- _MATERIAL SUPPLIED_:

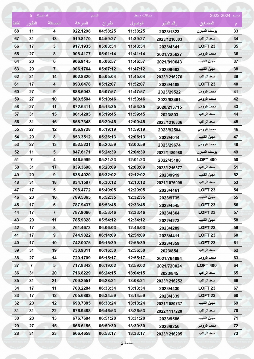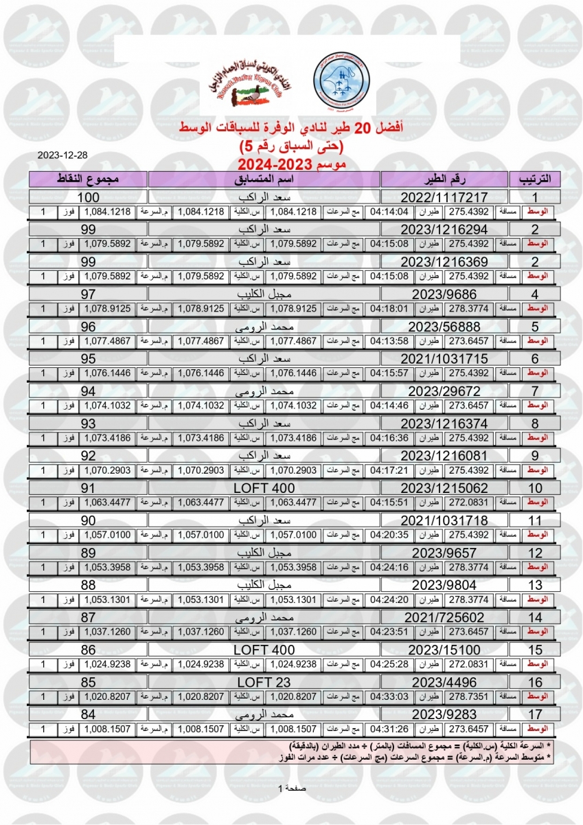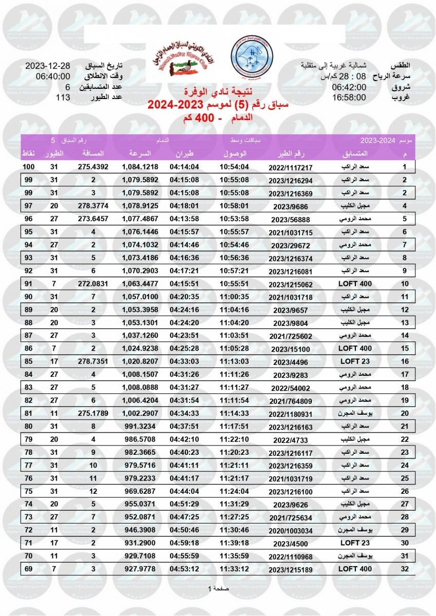 > منتديات الاتحاد الكويتي لسباق حمام الزاجل > منتدي اخبار السباقات > نتائج سباقات الاتحاد الكويتي / Race results > نتيجة السباق الخامس - الدمام 400 كم - لنادي الوفرة
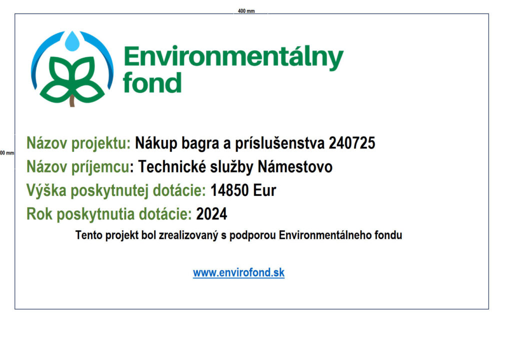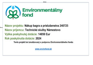 Suma dotácie Environmentálneho fondu 14 850 €.
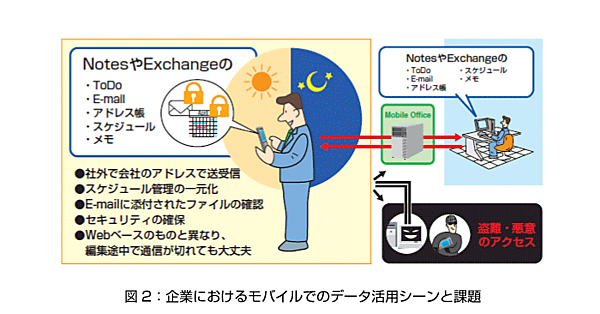 もちろん、読者の皆さんの中には、モバイル・データを活用することの重要性を理解した上で、もっと現実的な問題を気にしている方もいるでしょう。例えば、重要なデータを社外で利用することのセキュリティの問題、すでに導入済みのWebシステムの使い勝手の向上、スマートフォンを利用することによるコスト削減などです。これらについては、後ほど順次説明します。
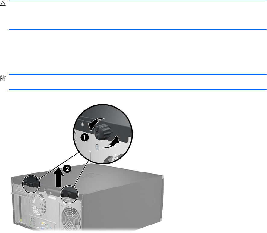 5. Ослабте два незнімні гвинти з рифленою головкою (1), які кріплять знімну панель до корпусу
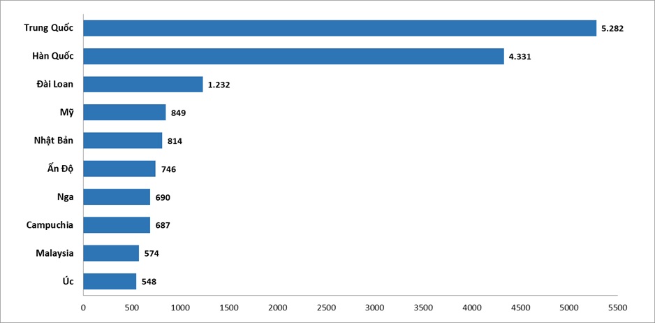 Trong 10 thị trường gửi khách hàng đầu của Việt Nam còn có Đài Loan (1,2 triệu lượt), Mỹ (849 nghìn lượt), Nhật Bản (814 nghìn lượt), Ấn Độ (746 nghìn lượt), Nga (690 nghìn lượt), Campuchia (687 nghìn lượt), Malaysia (574 nghìn lượt) và Úc (548 nghìn lượt).
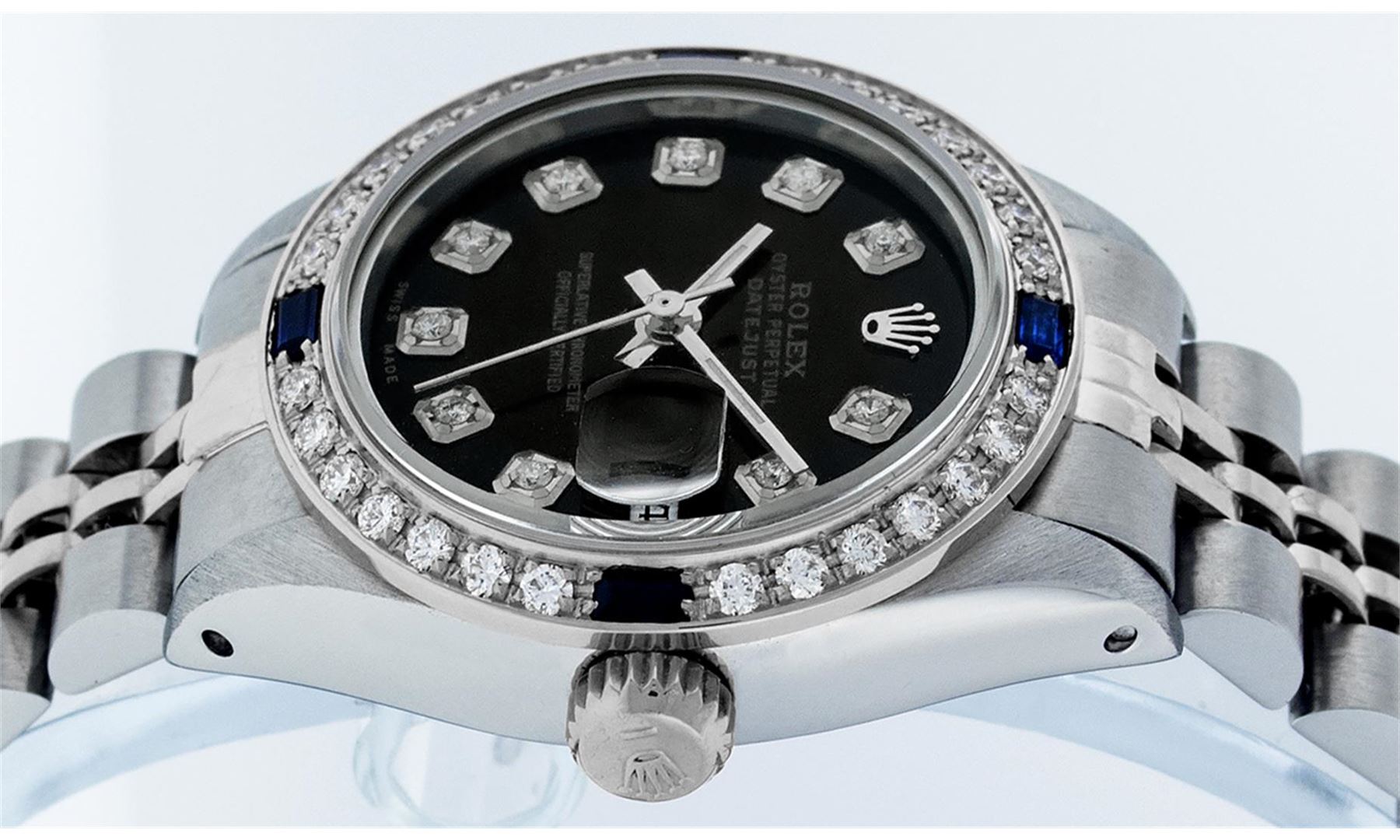 One Ladies Stainless Steel Rolex Datejust Polished Bright with Satin Finish, Serviced & Electronically Tested, Stainless Steel Case: 26mm, Stainless Steel Crown, Custom Bezel: New 18K White Gold Sapphire Beadset Diamond Bezel, Diamond + Gem Count: 28 Diamonds + 4 Sapphires. Total Weight .70 Carat, Clarity: SI-VS, Color: G to H. Custom Crystal: New Synthetic Sapphire Cyclops Lens. Custom Hands: New Luminescent Hands. Movement: Automatic Winding Movement. Custom Dial: Refinished Black With Diamond Hour Markers, Diamond Count: 10 Diamond in Dial, G To H In Color, Clarity: SI-VS. Date Window: 3 O'Clock Position Date Display, Model: Datejust. Condition: G-6 Extra Fine. Bracelet: Stainless Steel Jubilee. Bright Polish & Satin Finish. 6.0 Inch Length, Adjustable. Standard Clasp, With Rolex Logo. This Watch Has Been Serviced Time Tested And Is In Excellent Condition It Is Free Of All Scratches And Dents.

- _ASSIGNMENT_: Up to and including the line containing "Suma dotácie Environmentálneho", quote each line of the entries above from the very first, please, exactly and without images.

- _SOLUTION FOR THIS PROBLEM_:
 > منتديات الاتحاد الكويتي لسباق حمام الزاجل > منتدي اخبار السباقات > نتائج سباقات الاتحاد الكويتي / Race results > نتيجة السباق الخامس - الدمام 400 كم - لنادي الوفرة
 Suma dotácie Environmentálneho fondu 14 850 €.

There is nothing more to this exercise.